Hello. I have a Ross barrel that my dad possessed and I found after he passed away, don't know where he got it . Barrel was clogged with dirt and bolt is kicked back past what the normal bolt travel would be, but, its not frozen in place I just have to work at it a bit. Anyways, I was wondering if it was possible to track down to whom it was originally issued by S/N? I don't know if it was ever issued to a WWI soldier or not but it would be neat to find out its history if possible. I eventually want to find a stock for it and restore it as much as possible to hang on the wall. Thanks for any info.


----------



## XMP (13 Jan 2011)

It is pretty well impossible to trace a Ross by the serial number.  The main reason is that no complete records of Ross issues are known to exist.  Add that to the common instance of multiple serial numbers or the lack of serial numbers on many rifles.  Depending on the model, serial numbers were stamped on the underside  or the side of the reciever, and hidden by the stock.  Also, units were known to stamp their own serial numbers and rack numbers on the stock.  
A rebuilding project based on the barreled action you have would be difficult and very expensive to say the least.   Huge numbers of Rosses were cut down and sporterised after the war, unmodified wood parts (stocks and handguards) are rare and sought after by collectors. In addition you need the proper patterns or barrel bands, screws, sling swivels etc. I would talk to a gunsmith or advanced collector who is familiar with Rosses.
If you decide to go ahead, you need to determine the model of Ross that you have.  Apart from the  M1905  "carbines" there were two major models: the M1907 Rifle, generally known as the Mark II; and the M1910 Rifle, known as the Mark III.  The M1910 was the main rifle used by the CEF overseas until replaced by the SMLE in 1916.  The M1907 Ross exists in virtually a hundred variations, mostly minor but there are variants and modifications of the M1910 as well. 

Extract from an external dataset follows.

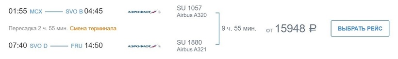 Red Wings (WZ 4751) Сухой Суперджет 100 | 14:20 Махачкала (MCX) | 3 ч. 15 мин | 20:35 Бишкек (FRU) | 29 июля, 5 августа |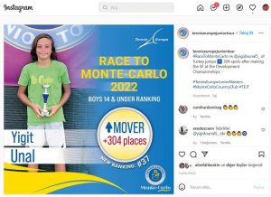 Geliştirme Şampiyonası’nda Bosna-Hersek, Gürcistan, Kosovalı rakiplerini yenerek teklerde yarı final, çiftlerde ise final oynayarak büyük başarı elde eden Adanalı raket, Uluslararası Tenis Federasyonu’nun en büyük bölgesel birliği olan, 50 Avrupa üye ülkesinin tenisçilerinin bağlı olduğu TennisEurope’ta 304 basamak yükselerek, kendi yaş grubunda 37 numara oldu. Ünal’ın bu başarısı TennisEurope’un resmi web sayfasında ve instagram sayfasından da duyurularak, kutlandı. TennisEurope’te Ünal’ın 37’nci sıraya kadar yükseldiği 14 yaş erkekler grubunda 1197 tenisçi bulunuyor.

The images of the two major variants of the Ross recievers are illustrated below: top is the M1907 Mark II, below is a M1910 Mark III.

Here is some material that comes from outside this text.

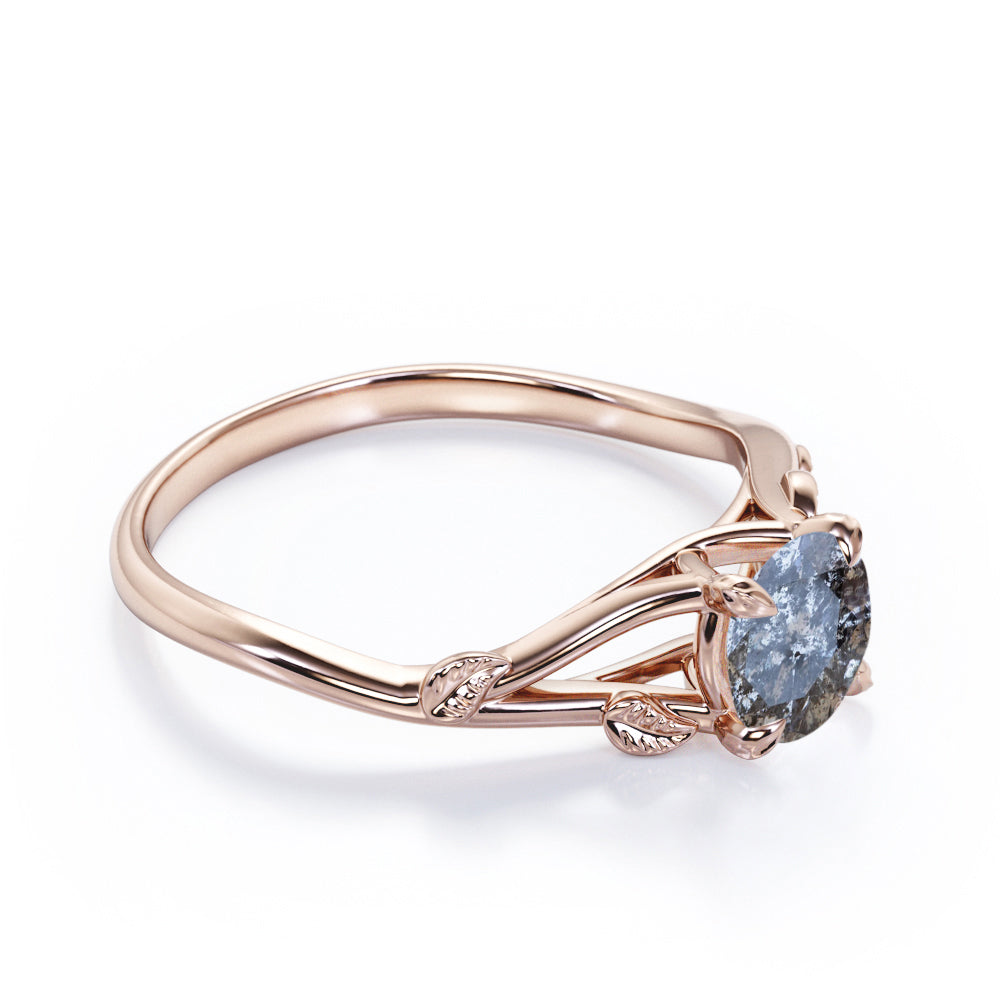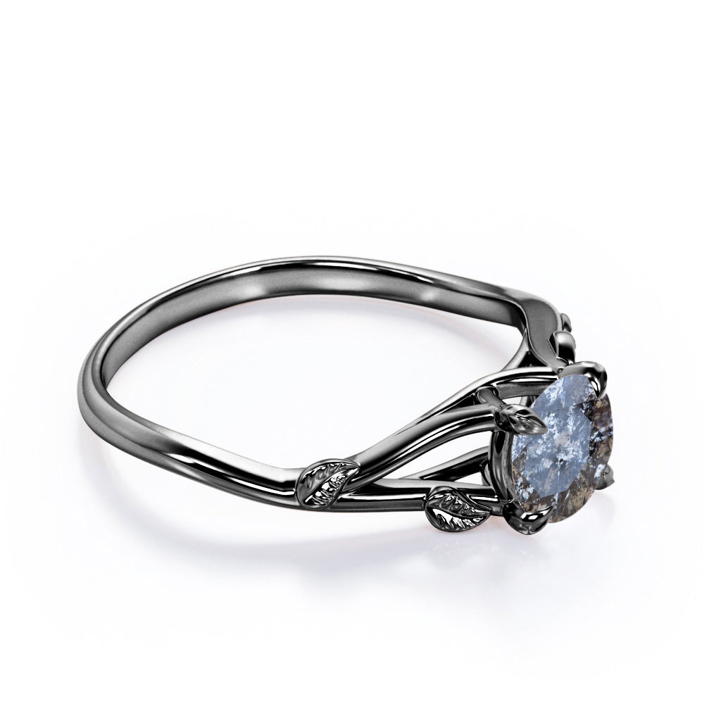 0.33 Ct Round Cut Salt and Pepper Diamond Leaf Engagement Ring

There are a number of good books dealing with the Ross,  I suggest you check out http://www.servicepub.com/
If you decide to go ahead, it would make an interesting but long term project. Good luck with it.  

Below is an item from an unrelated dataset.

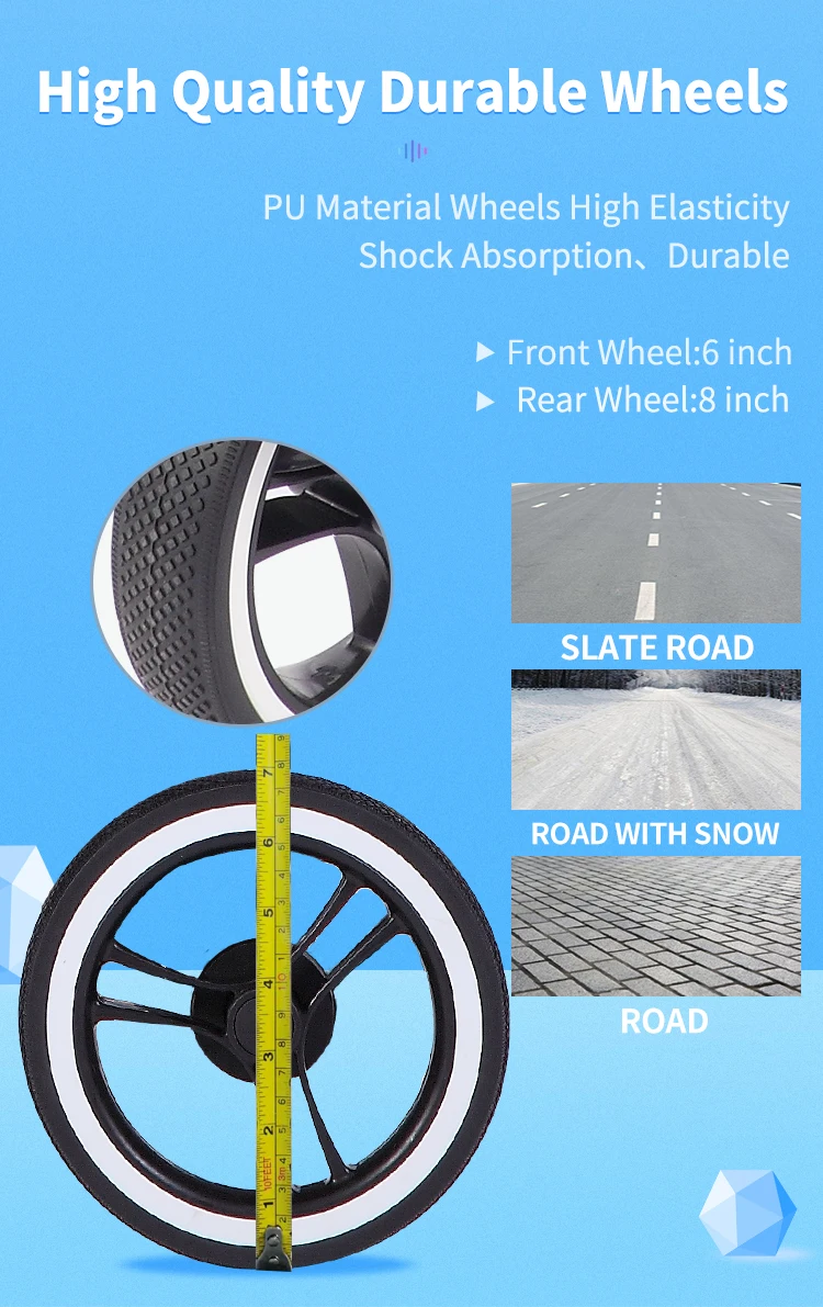 Wheels Size:front wheels=6inch,rear wheel=8inch.

On another note, even a stripped barreled action is considered a firearm for registration purposes in Canada.


----------



## lyned (13 Jan 2011)

Thanks for the info XMP. Mine is the M1910 Mark III then. I didn't think it would be traceable but just thought I'd check.


----------



## Fishbone Jones (13 Jan 2011)

Try Canadian Gun Nutz http://www.canadiangunnutz.com/forum/index.php


----------